Aber mit der zentralen Heizung befindet man sich noch auf China’s Sonnenseite (um es mal so auszudrücken).
Entlang einer imaginären Grenze, die ungefähr in Höhe Shanghais verläuft, teilt man das Land in den Zentralheizungs-Norden und den Ohne-Heizungs-Süden ein.
Ich war einmal im Winter zum Frühlingsfest in der Provinz 广西 (guǎng xī) in China’s Süden.
Es waren 6 Grad Celsius plus und man sagte mir, es sei der kälteste Winter in der Geschichte. Was mich tatsächlich verwundert hat, da 6 Grad plus jetzt nicht wirklich kalt klingen.
Wenn man allerdings bedenkt, dass es keine Heizung in den Wohnungen gibt und es drinnen wie draussen 6 Grad sind, sieht die Sache dann doch schon wieder ein wenig anders aus.
Auch in vielen Hotels und Restaurants wird nicht geheizt, die Temperatur ist überall gleich.
Nicht zu vergessen: auf ca. 6 Grad Celsius stellt man seinen Kühlschrank ein, um den Joghurt frisch zu halten.
Wenn man also in ein Restaurant geht, muss man den Stuhl erst einmal mit seiner Körperwärme auf angenehme Temperatur für das eigene Hinterteil bringen, damit man sich nicht komplett unwohl fühlt.
Wenn man gerade angekommen und den deutschen Winter noch gewohnt ist, fühlt man sich noch toll, will die dicke Jacke eigentlich gar nicht anziehen.
Nach der ersten Nacht im 6 Grad kühlen Hotelzimmer geht es auch noch. Die Bettdecke hält einen warm, einzig das Aufstehen ist unangenehm.
Aber bereits einen Tag später merkt man, dass die Knie steif geworden sind.
In unseren Breitengraden sind die Temperaturen zwar wesentlich kälter, allerdings ist man ihnen nur kurze Zeit ausgesetzt, bis man sich wieder aufwärmen kann. Es spielt sich gefühlt alles noch auf der Haut ab.
Ist man längere Zeit draussen, spürt man, wie einem die Kälte unter die Haut geht.
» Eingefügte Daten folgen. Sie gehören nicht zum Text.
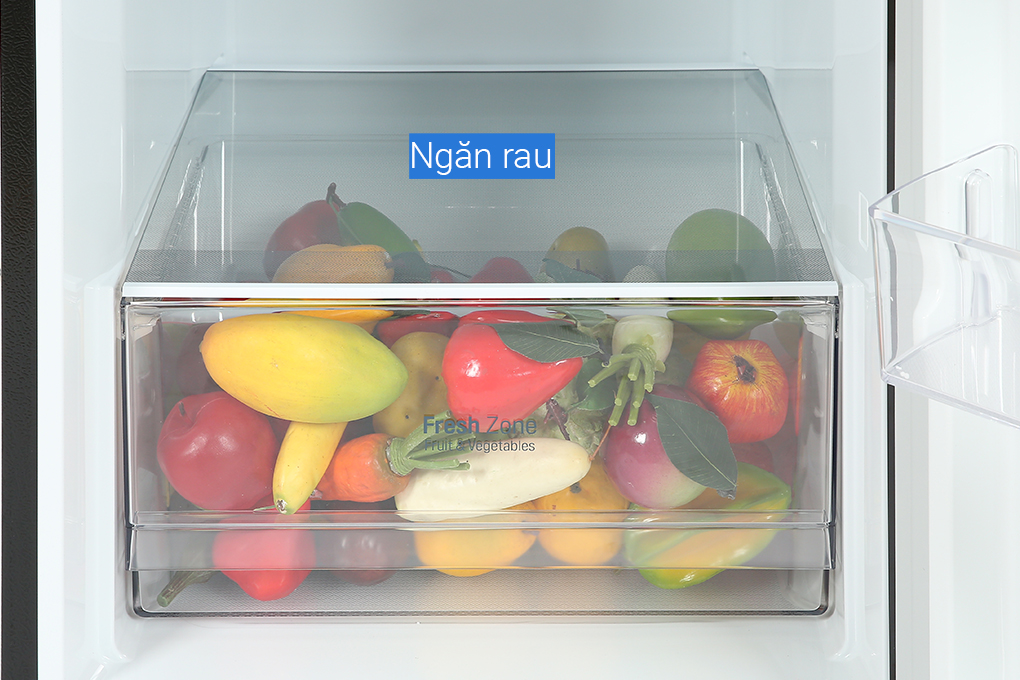 – Ngăn rau dạng kéo nên giữ ẩm tối ưu cho rau củ và tránh lẫn mùi.

Das ist unangenehm.
Wenn man überhaupt nicht zwischendurch aufwärmen kann, spürt man es vermeintlich in den Knochen und die Gelenke werden steif. So geschehen in Südchina.
Also will ich mich gar nicht beschweren, dass die Heizung erst jetzt angestellt wurde.
Jetzt ist sie ja an (und ich versuche verzweifelt dieses Lied wieder aus meinem Kopf zu bekommen).